Data section:
┌──

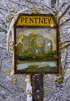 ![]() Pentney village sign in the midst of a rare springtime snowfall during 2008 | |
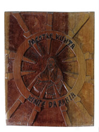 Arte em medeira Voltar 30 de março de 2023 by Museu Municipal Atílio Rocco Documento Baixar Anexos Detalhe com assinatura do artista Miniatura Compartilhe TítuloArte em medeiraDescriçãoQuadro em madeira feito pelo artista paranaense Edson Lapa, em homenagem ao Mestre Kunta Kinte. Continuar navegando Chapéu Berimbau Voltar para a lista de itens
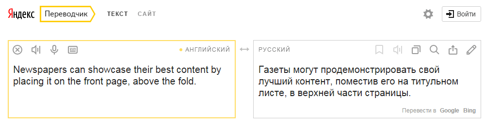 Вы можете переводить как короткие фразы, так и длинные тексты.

└──
┌──

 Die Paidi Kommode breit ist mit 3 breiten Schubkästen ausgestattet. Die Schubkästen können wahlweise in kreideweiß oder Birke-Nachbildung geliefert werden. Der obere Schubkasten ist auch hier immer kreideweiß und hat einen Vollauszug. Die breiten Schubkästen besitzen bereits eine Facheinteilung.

└──
┌──

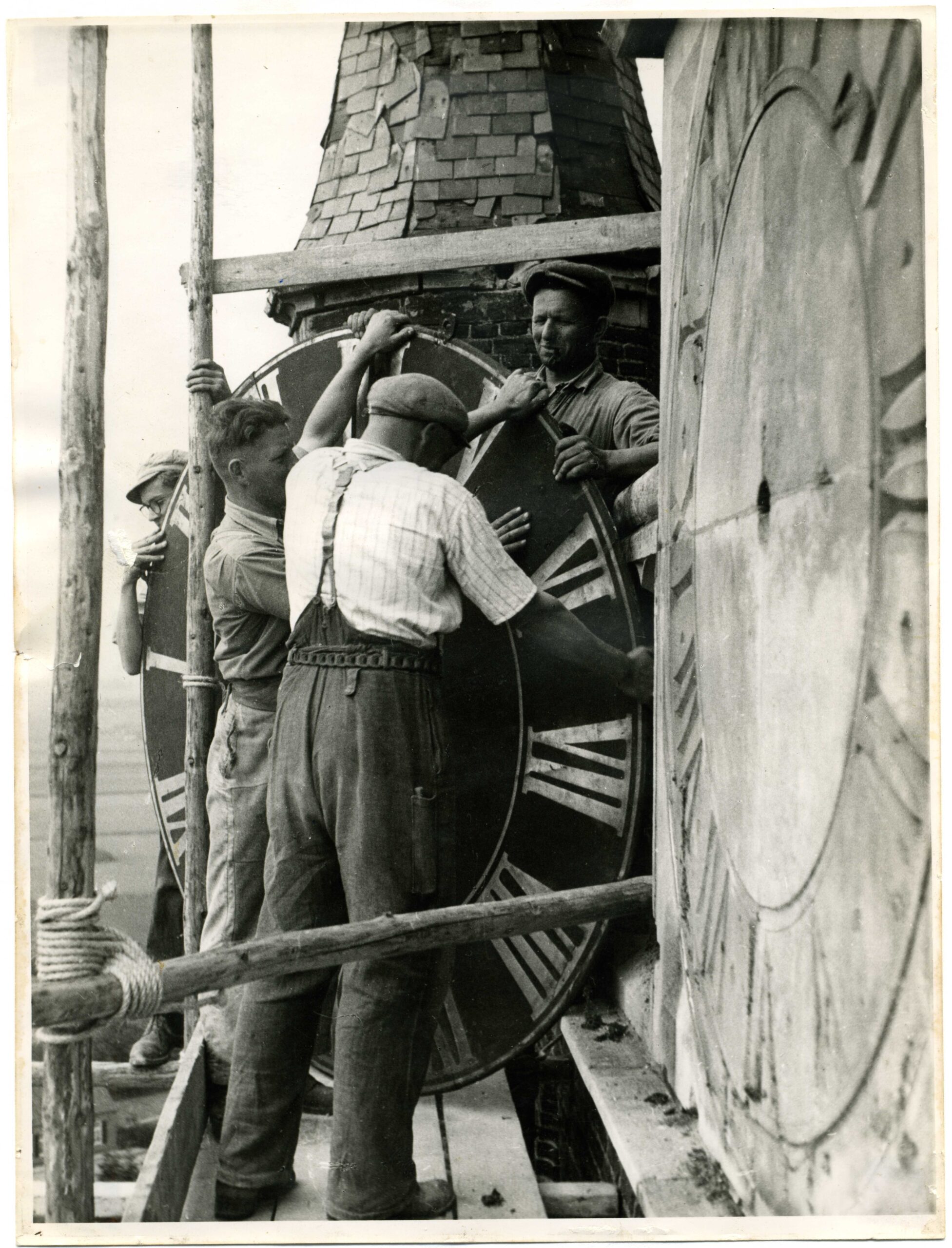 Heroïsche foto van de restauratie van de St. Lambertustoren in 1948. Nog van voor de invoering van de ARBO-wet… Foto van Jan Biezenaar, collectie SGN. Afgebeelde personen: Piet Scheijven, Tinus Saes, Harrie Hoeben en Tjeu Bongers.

└──

What is needed: Everything from the line with "during 2008 | |" down to the line with "Вы можете переводить" in the data above should be copied exactly, with both end lines kept and the pictures left out.

Response:
 ![]() Pentney village sign in the midst of a rare springtime snowfall during 2008 | |
 Arte em medeira Voltar 30 de março de 2023 by Museu Municipal Atílio Rocco Documento Baixar Anexos Detalhe com assinatura do artista Miniatura Compartilhe TítuloArte em medeiraDescriçãoQuadro em madeira feito pelo artista paranaense Edson Lapa, em homenagem ao Mestre Kunta Kinte. Continuar navegando Chapéu Berimbau Voltar para a lista de itens
 Вы можете переводить как короткие фразы, так и длинные тексты.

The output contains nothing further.